* _What the exercise asks_: The full listing, excluding its pictures, should be printed exactly as it stands.

* _Dataset content_:
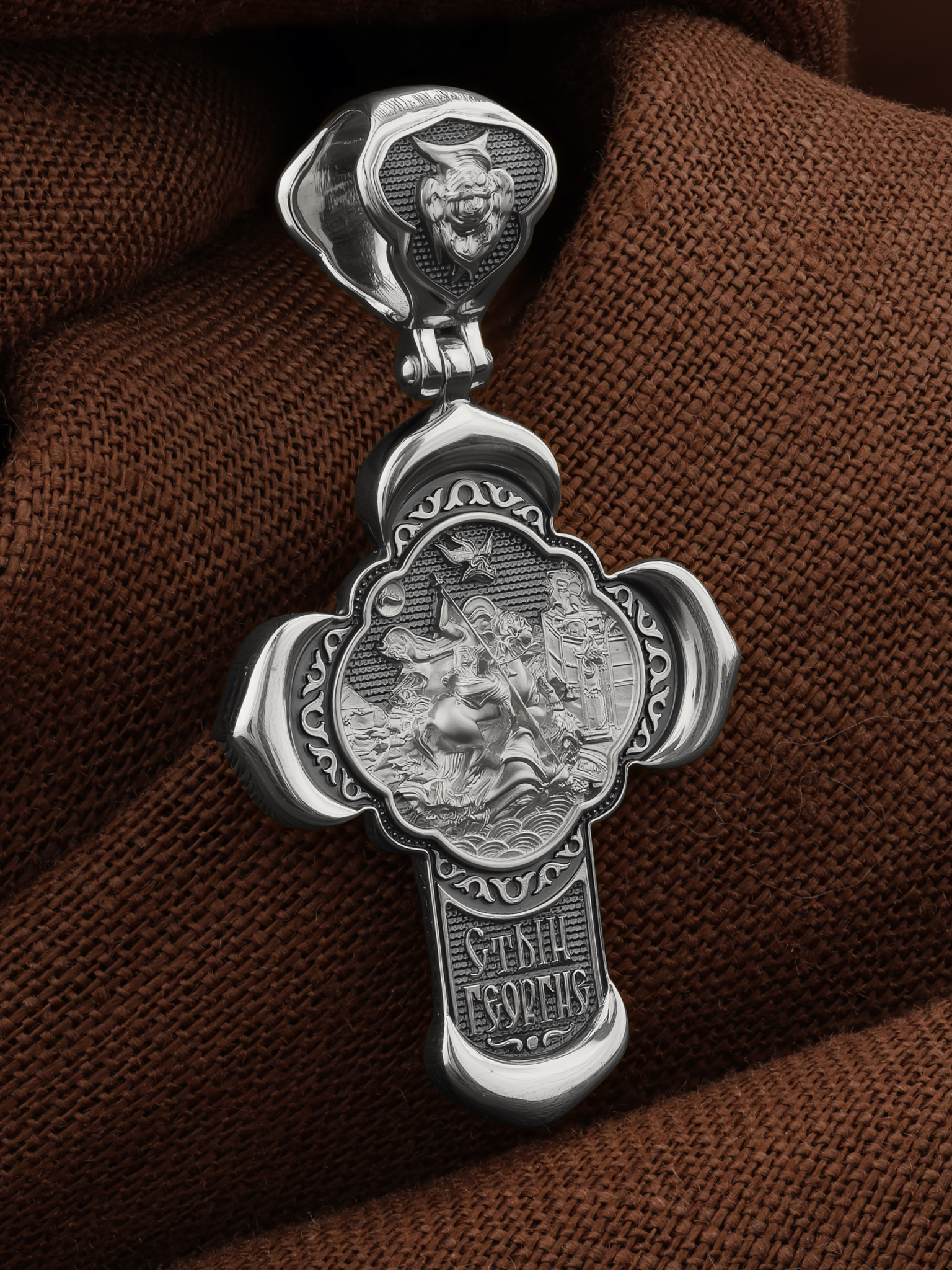 На оборотной стороне креста помещено изображение Святого Великомученика Георгия Победоносца — одного из самых почитаемых и удивительных святых. Георгий родился в Каппадокии (Малая Азия) в семье богатых и знатных горожан. Юношей поступил на службу к римскому императору Диоклетиану, за отличное знание военного дела и проявленную в боях и походах храбрость был приближен к императору и удостоен высокого воинского звания. Во время начавшихся гонений на христиан, перешел на сторону гонимых и, отвергнув человеческий страх, стал ярым проповедником учения Христа. Мучители подвергли опального воеводу жесточайшим восьмидневным пыткам и казнили его (обезглавили) в возрасте около тридцати лет в 303 году. Георгий изображен как воитель, сидящий на вздыбленном коне и поражающий копьем огнедышащего змея. Слева над образом изображена благословляющая Божия десница. Над святым изображен ангел возлагающий на него венец мученика. Змей символизирует собою сатанинские силы. Молитвами вознесенными к Всевышнему и своей непреклонной верой он смог одолеть чудовище. Святой убил змея, спас царскую дочь, принесенную в жертву, и жителей города, их души от влияния дьявола, породив в них надежду и веру в Господа, призывая людей принять христианскую веру. На кулонном кольце изображен шестикрылый Ангел — Серафим.
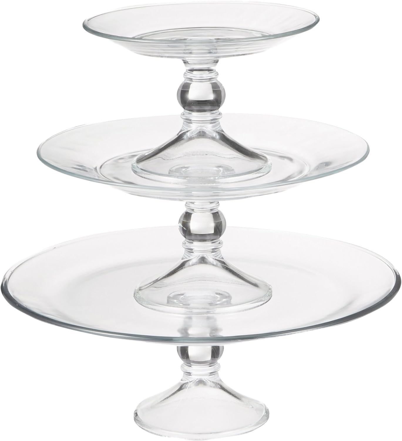 Includes: (1) dia. 7.5" x 4.8" glass footed platter, (1) dia. 10.6" x 4.9" glass footed platter and (1) dia. 13" x 4.75" glass footed platter
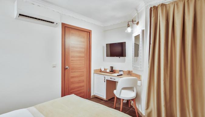 телевизор набор для приготовления чая/кофе душ пол: керамическая плитка сейф: в номере, бесплатно фен балкон телефон уборка номера: ежедневно мини-бар бесплатно (прохладительные напитки) кондиционер: индивидуальный Интернет: Wi-Fi, бесплатно room service: платно русских каналов: 1 смена белья: 3 раза в неделю

* _Answer for the task_:
 На оборотной стороне креста помещено изображение Святого Великомученика Георгия Победоносца — одного из самых почитаемых и удивительных святых. Георгий родился в Каппадокии (Малая Азия) в семье богатых и знатных горожан. Юношей поступил на службу к римскому императору Диоклетиану, за отличное знание военного дела и проявленную в боях и походах храбрость был приближен к императору и удостоен высокого воинского звания. Во время начавшихся гонений на христиан, перешел на сторону гонимых и, отвергнув человеческий страх, стал ярым проповедником учения Христа. Мучители подвергли опального воеводу жесточайшим восьмидневным пыткам и казнили его (обезглавили) в возрасте около тридцати лет в 303 году. Георгий изображен как воитель, сидящий на вздыбленном коне и поражающий копьем огнедышащего змея. Слева над образом изображена благословляющая Божия десница. Над святым изображен ангел возлагающий на него венец мученика. Змей символизирует собою сатанинские силы. Молитвами вознесенными к Всевышнему и своей непреклонной верой он смог одолеть чудовище. Святой убил змея, спас царскую дочь, принесенную в жертву, и жителей города, их души от влияния дьявола, породив в них надежду и веру в Господа, призывая людей принять христианскую веру. На кулонном кольце изображен шестикрылый Ангел — Серафим.
 Includes: (1) dia. 7.5" x 4.8" glass footed platter, (1) dia. 10.6" x 4.9" glass footed platter and (1) dia. 13" x 4.75" glass footed platter
 телевизор набор для приготовления чая/кофе душ пол: керамическая плитка сейф: в номере, бесплатно фен балкон телефон уборка номера: ежедневно мини-бар бесплатно (прохладительные напитки) кондиционер: индивидуальный Интернет: Wi-Fi, бесплатно room service: платно русских каналов: 1 смена белья: 3 раза в неделю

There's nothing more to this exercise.